Срок годности препарата 1 (один) год от даты изготовления.
Срок годности после первого вскрытия упаковки — 30 дней.
ФАРМАКОЛОГИЧЕСКИЕ СВОЙСТВА
2.1 Ампролиума гидрохлорид активен в отношении всех видов эймерий, паразитирующих у птиц, в том числе Eimeria tenella, Eimeria necatrix, Eimeria maxima, Eimeria brunetti, Eimeria mitis, Eimeria praecox.
2.2 Ампролиума гидрохлорид угнетает развитие многих видов эймерий на стадии шизогонии второй генерации.
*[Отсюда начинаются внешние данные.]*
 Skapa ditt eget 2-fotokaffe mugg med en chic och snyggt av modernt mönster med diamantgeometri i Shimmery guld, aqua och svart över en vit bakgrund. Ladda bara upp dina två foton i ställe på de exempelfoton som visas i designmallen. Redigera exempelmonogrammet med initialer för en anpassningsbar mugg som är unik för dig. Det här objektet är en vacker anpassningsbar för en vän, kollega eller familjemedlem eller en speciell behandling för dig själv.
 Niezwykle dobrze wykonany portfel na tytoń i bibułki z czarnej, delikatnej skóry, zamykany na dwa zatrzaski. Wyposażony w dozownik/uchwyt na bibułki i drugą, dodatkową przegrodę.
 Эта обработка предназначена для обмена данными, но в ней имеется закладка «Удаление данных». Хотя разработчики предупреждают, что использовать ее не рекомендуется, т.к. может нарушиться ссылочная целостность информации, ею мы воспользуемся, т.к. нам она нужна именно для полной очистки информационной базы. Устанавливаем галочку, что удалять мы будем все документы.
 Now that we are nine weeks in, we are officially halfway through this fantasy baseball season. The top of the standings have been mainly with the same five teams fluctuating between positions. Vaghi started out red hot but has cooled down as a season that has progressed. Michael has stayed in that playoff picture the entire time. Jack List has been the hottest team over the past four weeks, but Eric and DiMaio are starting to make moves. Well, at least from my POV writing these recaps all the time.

Является антагонистом витамина В1.
2.3 При оральном введении ампролиума гидрохлорид практически не всасывается в желудочно-кишечном тракте, проявляя свое противоэймериозное действие на слизистых и подслизистых оболочках.
Выводится ампролиума гидрохлорид преимущественно в неизмененном виде с фекалиями.
Препарат малотоксичен.
ПОРЯДОК ПРИМЕНЕНИЯ ВЕТЕРИНАРНОГО ПРЕПАРАТА
3.1 Ампрофарм применяют для профилактики и лечения при эймериозе у цыплят- бройлеров, ремонтного молодняка и племенной птицы.
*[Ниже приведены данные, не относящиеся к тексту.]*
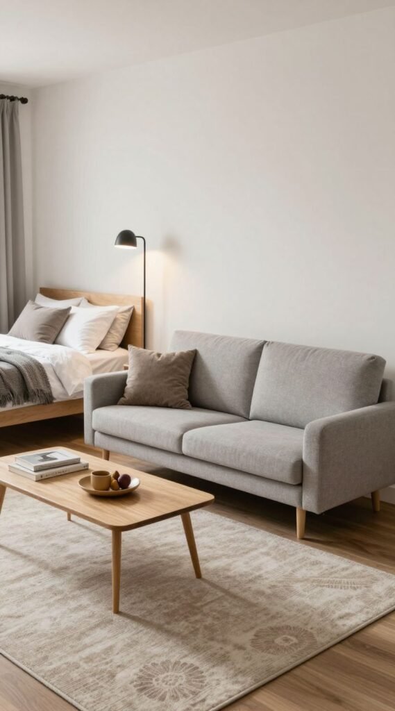 Put the party under the bed. Slide in a compact love seat, a low coffee table, and a skinny floor lamp for instant hangout vibes. A soft rug warms it up and zones the space.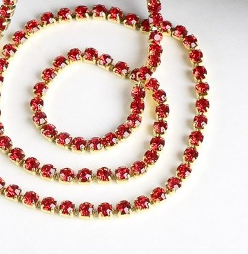 Цепь со стразами, ss 8, ш. 2,4 мм, красный в золотой оправе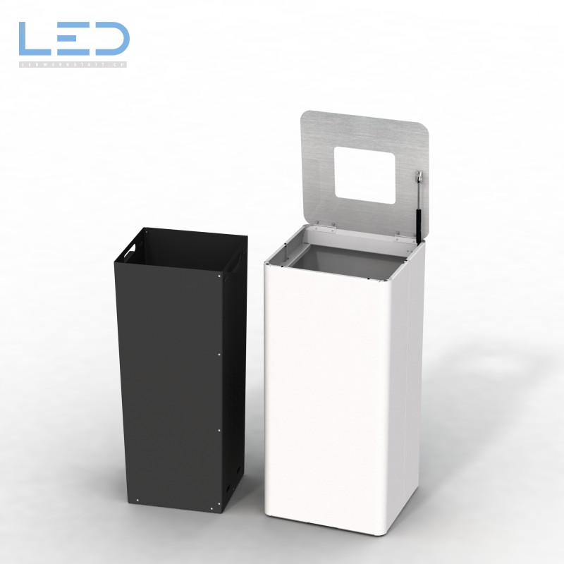 Wie bei allen Produkte achten wir auch bei der B-IN-Serie auf nachhaltige Materialien und Swiss Made. So wird das Gehäuse und die Innenteile aus bis zu 70% Alt-Aluminium und VOC freier Pulverbeschichtung (volatile organic compounds, VOC) hergestellt. Die Signete werden als Folien-Schnitt aufgeklebt. Der Deckel und das Scharnier werden aus Edelstahl 1.4301 umgesetzt. So ist eine Korrosion auch nach vielen Jahren sehr unwahrscheinlich.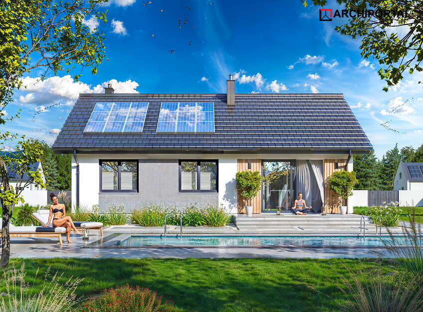 Projekty oznaczone tą ikonką posiadają zaprojektowane ogrzewanie przy pomocy pompy ciepła i ogrzewania podłogowego oraz gratisowy projekt instalacji fotowoltaicznej. Dodatkowo dokumentacja zawiera projekt ogrzewania na biomasę (pellet).

3.2 Бройлерам с профилактической целью препарат дают с 3 — 5 дневного возраста с кормом или водой в дозе 400 г препарата на одну тонну корма или воды (125 мг/кг(л) корма или воды по ДВ); с лечебной: в течение 7 — 1 0 дней в дозе 800 г препарата на одну тонну корма или воды (250 мг/кг(л) корма или воды по ДВ).
Ремонтному молодняку с профилактической целью препарат дают с 3 — 5 дневного возраста до 16 недельного возраста в дозе 400 г препарата на одну тонну корма; с лечебной целью: в течение 7 — 1 0 дней в дозе 800 г препарата на тонну корма.
С питьевой водой препарат применяют с 3 — 5 дневного возраста до 21 дня жизни в дозе 400 г препарата на 500 л питьевой воды; с лечебной целью: в течение 5 — 7 дней в дозе 400 г препарата на 500 л питьевой воды.
3.3 При использовании растворов ампрофарма, в период проведения лечебно-профилактических мероприятий он должен являться для птицы единственным источником питьевой воды.
3.4 Для обеспечения равномерного распределения препарата, суточную дозу смешивают с небольшим количеством комбикорма, а затем вносят при тщательном перемешивании в корм, рассчитанный на потребление птицей в течение суток.
3.5 Эффективность препарата не снижается при включении в корм антибиотиков, минеральных веществ, витаминов.
3.6 Ампрофарм необходимо менять после каждого года использования и заменять на препараты другой группы.
Запрещается применять курам-несушкам, чье яйцо используется в пищу людям.
3.7 В рекомендуемых дозах побочного действия препарата не выявлено.
3.8 Убой птицы на мясо разрешается не ранее, чем через 5 суток после прекращения применения препарата.
В случае вынужденного убоя ранее указанного срока мясо может быть использовано на корм плотоядным животным.
МЕРЫ ЛИЧНОЙ ПРОФИЛАКТИКИ
4.1 При работе с препаратом следует соблюдать правила личной гигиены и техники безопасности.
ПОРЯДОК ПРЕДЪЯВЛЕНИЯ РЕКЛАМАЦИЙ
5.1 В случае возникновения осложнений после применения препарата, его использование прекращают и потребитель обращается в Государственное ветеринарное учреждение, на территории которого он находится.
Ветеринарными специалистами этого учреждения производится изучение соблюдения всех правил по применению препарата в соответствии с инструкцией.
При подтверждении выявления отрицательного воздействия препарата на организм животного или несоответствии препарата по внешнему виду, ветеринарными специалистами отбираются пробы в необходимом количестве для проведения лабораторных испытаний, составляется акт отбора проб и направляется в Государственное учреждение «Белорусский государственный ветеринарный центр» (220005, г. Минск, ул. Красная, 19А) для подтверждения соответствия нормативной документации.
ПОЛНОЕ НАИМЕНОВАНИЕ ИЗГОТОВИТЕЛЯ
6.1 ООО «Ветинтерфарм», Республика Беларусь, 223060, Минская обл., Минский р-н, Новодворский с/с, 91-23, район д. Большой Тростенец.